Обняв меня и облобызав в обе щеки, брат князя Оранского сразу приступил к делу:
— Говорят, что ты захватил добычи на полмиллиона экю.
— Я всегда молил бога, чтобы он сделал меня таким богатым, как обо мне думают другие! — произнес я шутливо. — На самом деле добыча составит не больше двухсот шестидесяти шести тысяч. При условии, что груз не подпорчен. Мы ведь захватили его после жаркой перестрелки, — соврал я.
Впрочем, у каждого свое представление о том, что такое жаркая перестрелка. Вполне возможно, что, по мнению моего собеседника, она именно такой и была.
— Все равно это самая богатая добыча, которую захватывали корабли моего брата! — воскликнул Людовик Нассауский.
— Корабль не его, а мой. Его только каперский патент, — уточнил я. — Так что получит ваш брат без малого восемьдесят девять тысяч экю.
— Что ж, тоже не малые деньги, — произнес немного разочарованно брат князя.
— Из них без малого пять тысяч получите тяжелыми пушками с галеонов. Купцам они не нужны, а вам они пригодятся при осаде городов. Пушки стоят дороже, поэтому не прогадаете. В придачу это будет уступка моему экипажу, которому кажется, что отдают слишком много, — сообщил я. — Итого получите деньгами восемьдесят четыре тысяч.
— Чернь всегда чем-нибудь недовольна! — раздраженно произнес Людовик Нассауский. — Хорошо, я возьму пушки. Все равно мне надо будет вооружать свою армию. Многие гугеноты согласны вступить в ее ряды, но не имеют оружие. Станут артиллеристами.
— По этому поводу у меня к вам личная просьба.
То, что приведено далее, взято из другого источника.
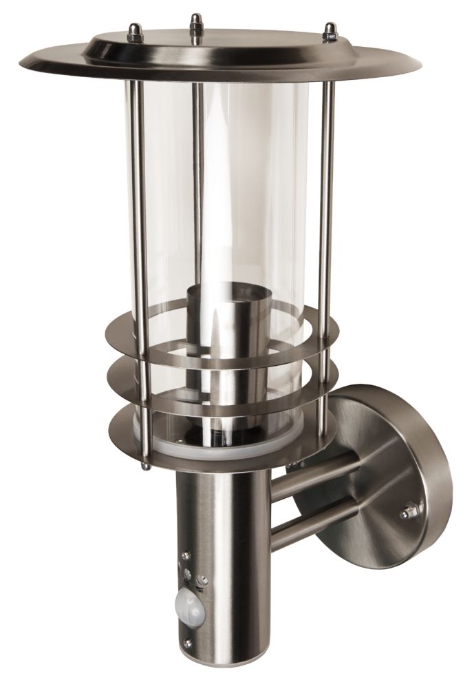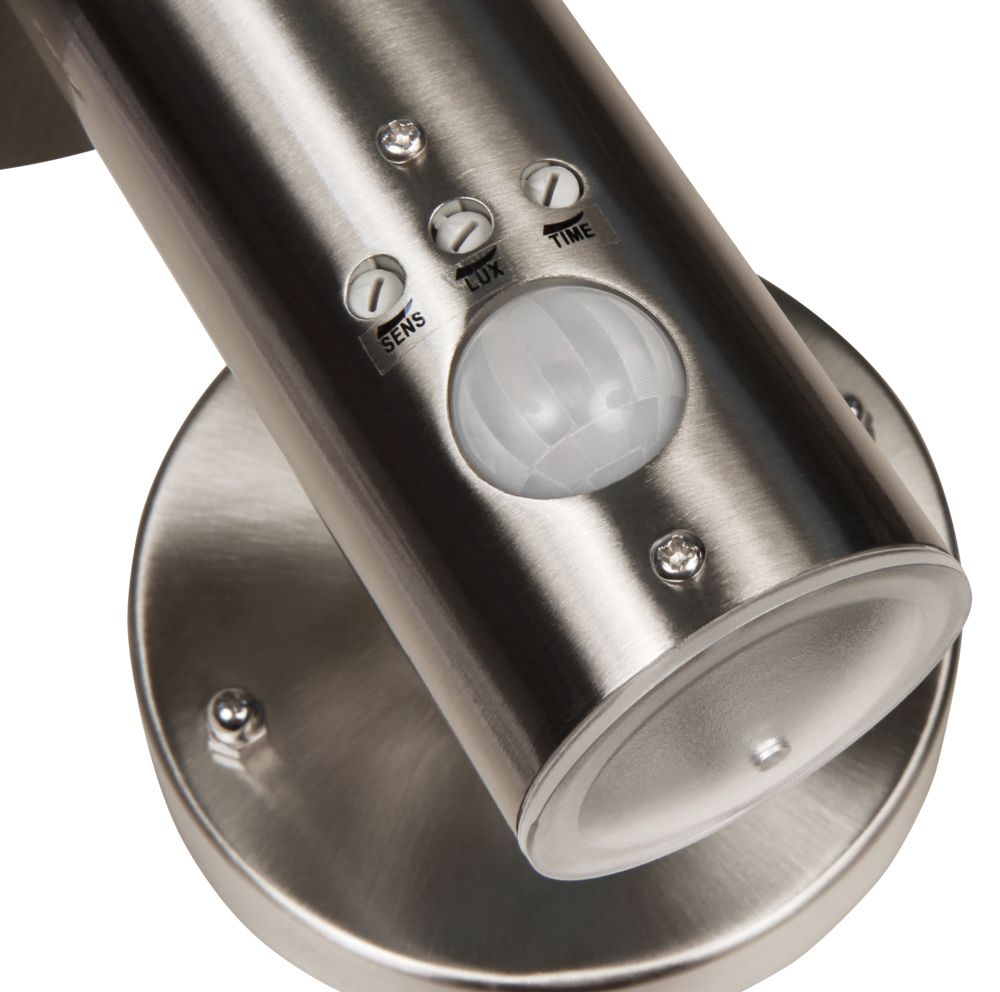 Wall light McShine ''Cylinder'' stainless steel, IP44, 1x E27, motion detector

Не могли бы вы взять в свою армию командиром отряда моего родственника, местного дворянина Пьера де Ре? — вежливо, но так, чтобы он понял, что отказ меня очень огорчит, произнес я.
— Так вы его родственник?! — произнес приятно удивленный Людовик Нассауский. — Вот бы ни за что не подумал!
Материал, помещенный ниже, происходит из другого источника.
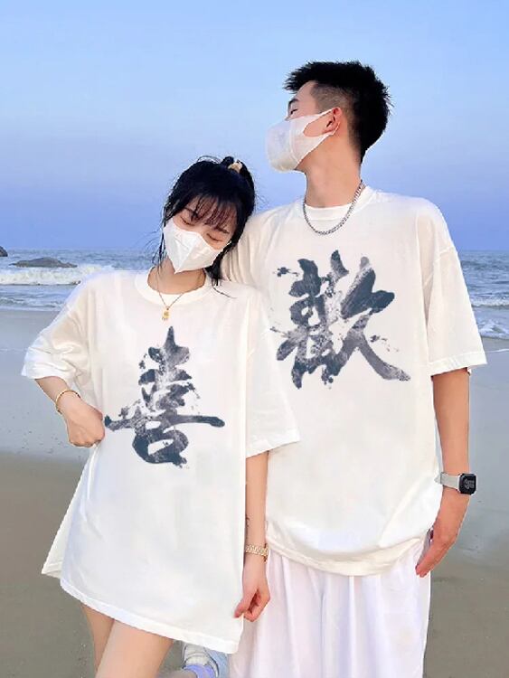 女性用半袖グラフィックTシャツ,カジュアル,特大,韓国,カップル用,ファッショナブル,原宿,夏★10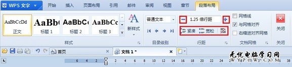 點擊它們,就可以實時地看到段落中行距的調整效果了。每單擊一次,分別增減0.25倍的行距。 與以往版本及其他同類軟件相比,調整效果的實時可視性、所見即所得的預覽效果是極具吸引效果的。

— Дальний, — уточнил я, — но в нашем роду принято помогать своим родственникам, даже дальним.
— В нашем тоже, — поддержал он. — Я завтра же зачислю Пьера де Ре в свою армию. Он будет офицером моей свиты.
Место не очень опасное, всегда на виду, в тепле и при хорошей кормежке — о чем еще может мечтать такой разгильдяй, как мой потомок?!
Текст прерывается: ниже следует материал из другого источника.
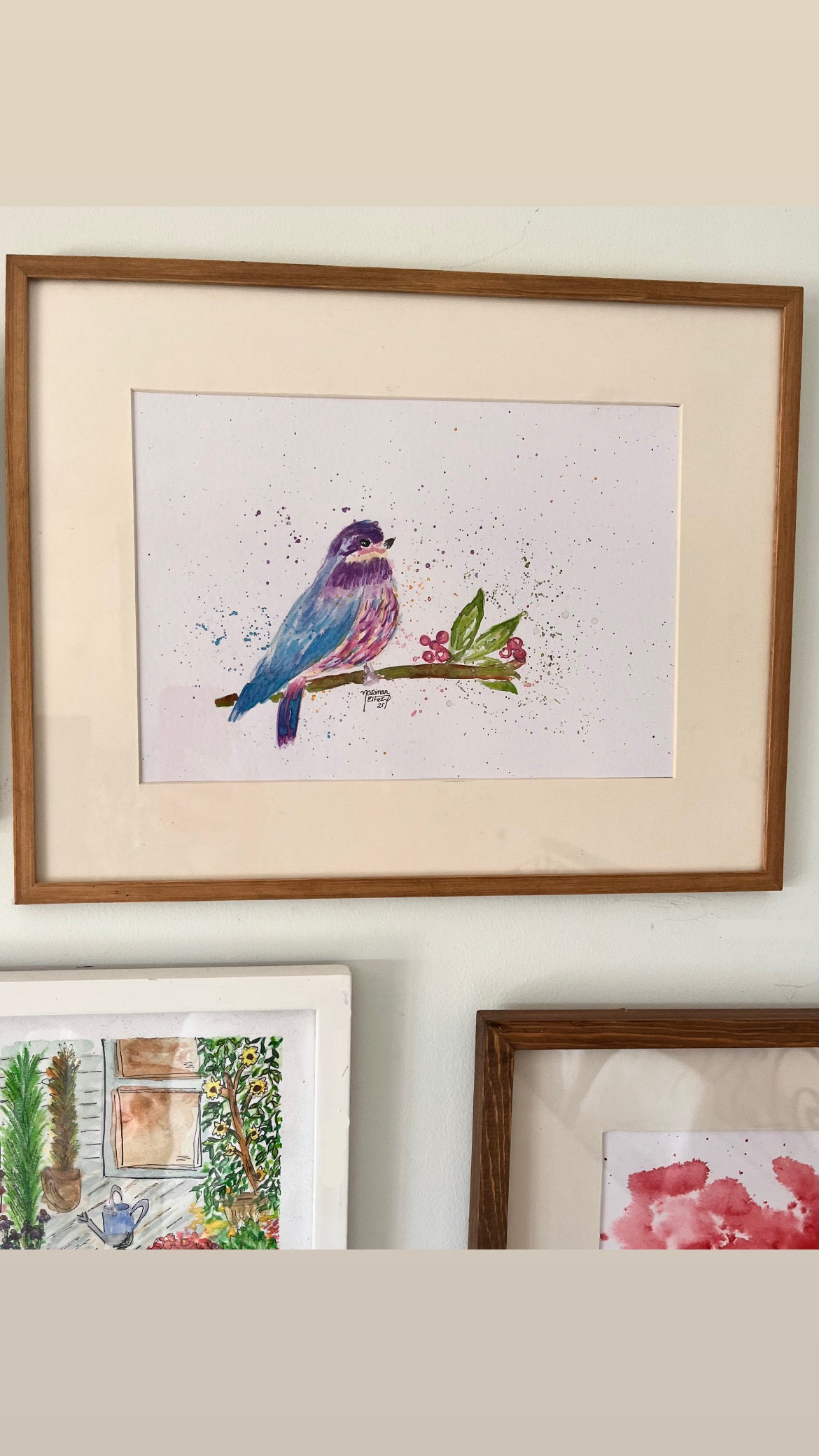 Watercolor portrayal of a hand-painted bird framed in a handmade wooden frame

— Надеюсь, он сумеет проявить себя в будущих сражениях, — пожелал я.
— Он производит впечатление отважного человека, — сказал Людовик Нассауский.
Впечатление производить Пьер де Ре умеет, не отнимешь. Впрочем, и мой собеседник показался мне малость показушным. Может быть, такое мнение у меня сложилось всего лишь из-за высоких каблуков. Но ведь человека и надо просчитывать на мелочах, в которых труднее скрыть свои большие комплексы.
34
Вот так бывает — случайно встретишь человека, пройдешь с ним по жизни какое-то недолгое время, понимая, что совместного будущего у вас нет, а потом не можешь забыть его. Мне кажется, каждая женщина, расставаясь, уносит с собой частичку моего сердца, ничего не оставив взамен. Им, наверное, кажется то же самое.
Мы высадили Терезу Риарио де Маркес на берегу Кадисского залива, рядом с замком на холме. Он был похож на тот, что я захватил и ограбил в этих краях в двенадцатом веке по наводке Карима, своего родственника по португальской жене Латифе. По словам Терезы, в этом тоже был водоканал, по которому детвора выбиралась тайно за крепостные стены. Теперь замок назывался Маркес и принадлежал моей любовнице. Бывшей любовнице. Она сидела на баке катера, лицом ко мне, и грустно улыбалась. Гребцы налегали на весла, увозя ее всё дальше. Создавалось впечатление, что наши взгляды соединены невидимым потоком энергии, который становился все тоньше, пока не исчез окончательно, когда я перестал различать ее глаза. В этот миг мне стало грустно до тошноты. Любовь — это сражение, в котором выигрывают обе стороны, пока оно длится, и проигрывают тоже обе, когда оно заканчивается.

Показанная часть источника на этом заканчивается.